It adopts the three-dimensional geological modeling method of formation shale volume (Vsh) to calculate the SGR parameter. The specific process is as follows: Based on the logging interpretation results (gamma and resistivity curves), the one-dimensional distribution model of Vsh for a single well is constructed using the Larionov formula; Through the sequential Gaussian co-simulation algorithm, the seismic wave impedance inversion volume and the sedimentary facies control model are integrated to establish a three-dimensional Vsh field; The integral of the formation displacement on the fault slip surface is carried out, and the three-dimensional spatial weighted calculation is implemented according to Formula 1. The model assumptions include: (a) The continuity of the shale smear along the fault strike satisfies the steady-state distribution; (b) The redistribution effect of the secondary clay minerals during diagenesis is ignored; (c) The displacement is calculated based on the fault growth index model and calibrated through the fault throw-displacement conversion coefficient (0.6–0.8). The displacement assessment uses the inverse distance weighting method (IDW) constrained by the fault geometry, and its uncertainty is characterized by the probability distribution through Monte Carlo simulation.

The fault data from the L gas storage was processed to construct a 3D model utilizing the FAPS (Fault Analysis and Prediction System) fault sealing characterization system (Fig. 1). Additionally, a detailed calculation of SGR on the fault surfaces was performed (Eq. 1), resulting in the following findings (Figs. 2, 3 and 4). Based on the principles and methodologies for characterizing fault lateral sealing capacity, an evaluation of the lateral sealing capacity of faults that delineate the original gas reservoir boundaries within L gas storage was conducted.
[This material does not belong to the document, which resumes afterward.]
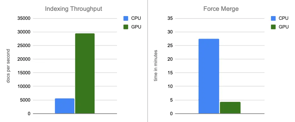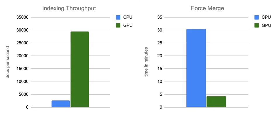 - 强制合并:在索引完成后,GPU 继续加速段合并,使强制合并阶段加速约 7 倍。

Analysis of the F2 fault displacement (Fig. 2) indicates that the controlled range of the F2 fault predominantly exhibits overlapping closure, with certain areas characterized by fault rock closure. The depth of this fault rock closure is approximately − 1252 m, as determined from the well logging curves of L-4 well. By utilizing the fault mud content calculation feature within the FAPSeal_3D fault sealing characterization system, the SGR for the F2 fault surface can be computed (Fig. 2). The results indicate that the SGR of the F2 fault is notably high (> 37%), suggesting that it possesses strong sealing capability.

Fig. 1
figure 1

3D geological model of L gas storage.

Fig. 2
figure 2

SGR distribution map of F2 fault in L gas storage.

Fig. 3
figure 3

SGR distribution map of F3 fault in L gas storage.

Analysis of F3 fault displacement (Fig. 3) reveals well-developed matching sealing configurations within the fault trap domain. The calculated Shale Gouge Ratio (SGR) distribution across the F3 fault plane demonstrates effective sealing potential (Fig. 3). While a localized reservoir-reservoir juxtaposition window exists near the gas-water contact at the fault’s basal segment, this low-SGR anomaly (0.34) occupies a structurally disadvantaged zone with minimal hydrodynamic connectivity. Crucially, integration of structural analysis and petrophysical constraints confirms robust fault sealing integrity, with 87% of the fault plane exhibiting SGR values exceeding the 0.6 threshold required for gas column retention.

Fig. 4
figure 4

SGR distribution map of F4 fault in L gas storage.

Analysis of the F4 fault offset and triangular diagram (Fig. 4) indicates that the overall control area of the F4 fault exhibits a closed contact; however, substantial areas of faulted rock on both sides also demonstrate this closure. Utilizing the well log curves from L-4 well, the SGR for the F4 fault surface was calculated using FAPSeal_3D software, revealing a low SGR value (21%), which suggests a potentially weak sealing capacity. Using the FAPSeal_3D software, the shale content at different depths of the three faults was precisely calculated, thereby systematically evaluating the sealing capacity of each fault (Fig. 5), which is helpful for identifying the locations of faults with relatively weak sealing performance.

Fig. 5
figure 5

SGR comparison of various faults in L gas storage.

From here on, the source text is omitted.